Este é um dos meus prazeres culposos. Penso que atraído pela publicitação da autora como a nova mestre do romance fantástico, na senda de Marion Zimmer Bradley, comecei a ler as trilogias – os seus livros saem sempre em conjuntos de 3 – de Juliet Marillier. A nova trilogia, de que este livro constitui o segundo volume, é em torno não de uma das de duas personagens – Blackthorn & Grim. Ler esta autora é um pouco como ouvir, digamos, Enya: a melodia é sempre a mesma ainda que mude um pouco a letra, por isso quando se volta ao universo da autora as histórias são familiares, sempre em torno de tradições célticas e contos de fadas. Esta trilogia e este livro em particular é diferente dos anteriores da autora visto que para já a protagonista não é uma jovem donzela inocente mas sim uma mulher já com alguma idade e marcada pela vida, pois sobreviveu à morte do marido e do filho e é movida por um desejo imparável de vingança, mesmo depois de ter vivido um ano horrivel numa prisão onde foi sujeita a atrozes humilhações, onde conheceu aliás Grim, essa personagem que como o nome indica é um pouco “disforme”, um homem de grande estatura e que é sempre confudido como um simples, um pobre de espírito, um brutamontes. O livro é ainda original pela sua estrutura tripartida, em que alternam as narrações feitas a partir da perspectiva de Blackthorn, Grim e Geiléis, a mulher que pede ajuda à mulher sábia. Esta estrutura resulta do facto de o leitor ir tomando conhecimento das diferentes histórias que se irão entrelaçar mais no final, pois cada uma das personagens esconde segredos e motivos próprios, além de que é particularmente enternecedor o modo como nos apercebemos dos sentimentos de Grim por Blackthorn, que continua sempre a recusar ver o inevitável, tanto na dedicação de Grim por si como dentro do seu próprio coração achando simplesmente que formam um duo forte em função das tristes circunstâncias que os juntaram.
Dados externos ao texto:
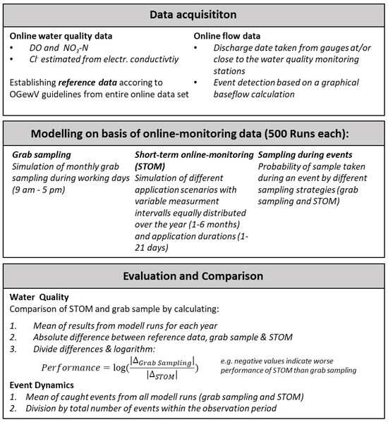 To answer the initial research question of how the results of STOM compare to grab sampling, we performed a systematic subsampling of the previously described data. Figure 3 gives a quick overview of the entire modeling process. Results for three sampling strategies were calculated, namely grab sampling, STOM sampling, and event sampling, further described in the next subchapter. All calculations were carried out with R; functions and scripts can be found on github (see credentials) [36].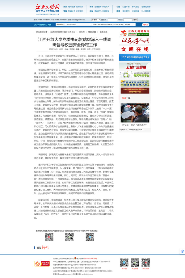 近日,beat365在线唯一官网党委书记贺瑞虎深入三个校区,调研督导各部门、单位、二级学院的校园安全稳定工作,全面开展安全隐患排查,确保学校各项事业平稳有序推进。校党委委员、副校长冯豫红,校党委委员熊江鹏、罗军涛分别陪同调研。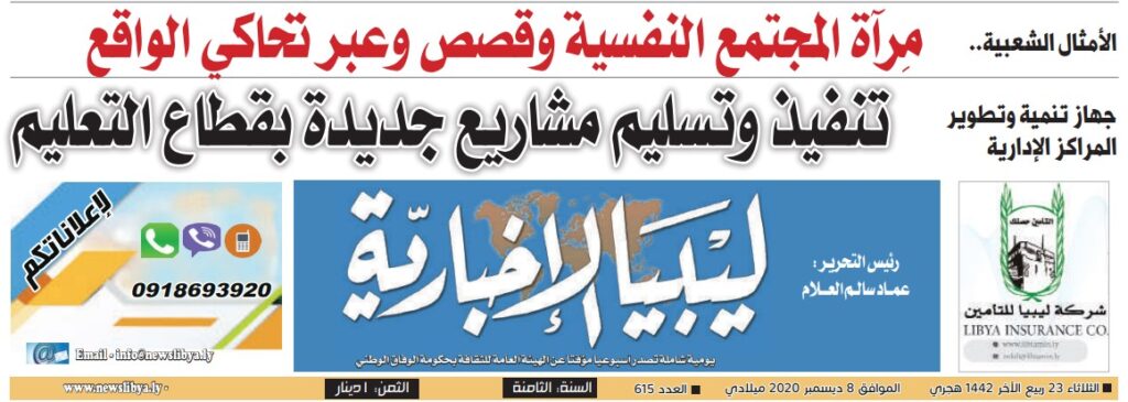عن الهيئة العامة للثقافة يصدر صباح غدٍاً الثلاثاء 8 ديسمبر 2020م العدد (615) من صحيفة ليبيا الإخبارية العدد كالعادة مليء…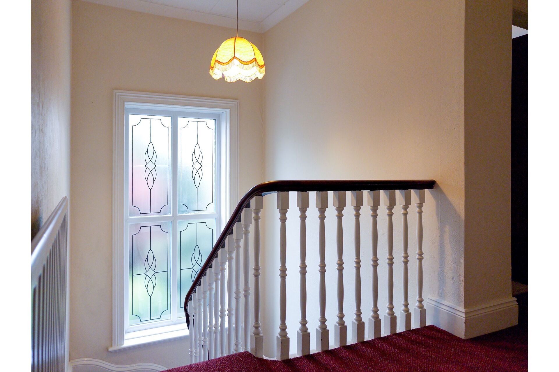 A spacious landing with a spindle banister and a tall window to the half landing.

A Torre de Espinhos é provavelmente o mais negro dos livros da autora neo-zelandesa, fazendo jus ao nome adoptado pela personagem – “Espinheiro negro”, uma curandeira que é também dona de um certo mau feitio e que prefere ser deixada em paz na sua antissocialidade, mas que padece um pequeno senão: não pode recusar qualquer pedido de ajuda que lhe seja feito. Negra é também a história que nos é contada ao longo das quase 400 páginas deste livro, de uma criatura enclausurada numa torre que não é nenhuma Rapunzel mas sim um monstro que atormenta a terra em redor com os seus lamentos durante todo o dia, além de uma maldição mais geral que ataca todos os habitantes daquele território e que os faz esquecer-se… «Quando, no início do Verão desse mesmo ano, se tornara evidente que havia alguém a viver na torre, e que esse alguém – ou alguma coisa – gostava de gritar do nascer ao pôr do sol, as pessoas não disseram nada de especial. A maldição fora, de facto, poderosa. Forte o suficiente para durar o tempo que fosse preciso.»
Uma maldição que justamente por fazer esquecer se arrasta há 200 anos sem que ninguém consiga romper a cerca de espinhos em torno da torre e libertar ou matar aquela criatura. Grim também ganha mais relevo nesta história e revela-nos segredos sobre o seu passado, que lançam nova luz e estima sobre o homem que acompanha fielmente a mulher sábia. A certa altura é bastante óbvio qual o desfecho da história, mas afinal a tarefa que Blackthorn se destina cumprir reserva ainda uma surpresa…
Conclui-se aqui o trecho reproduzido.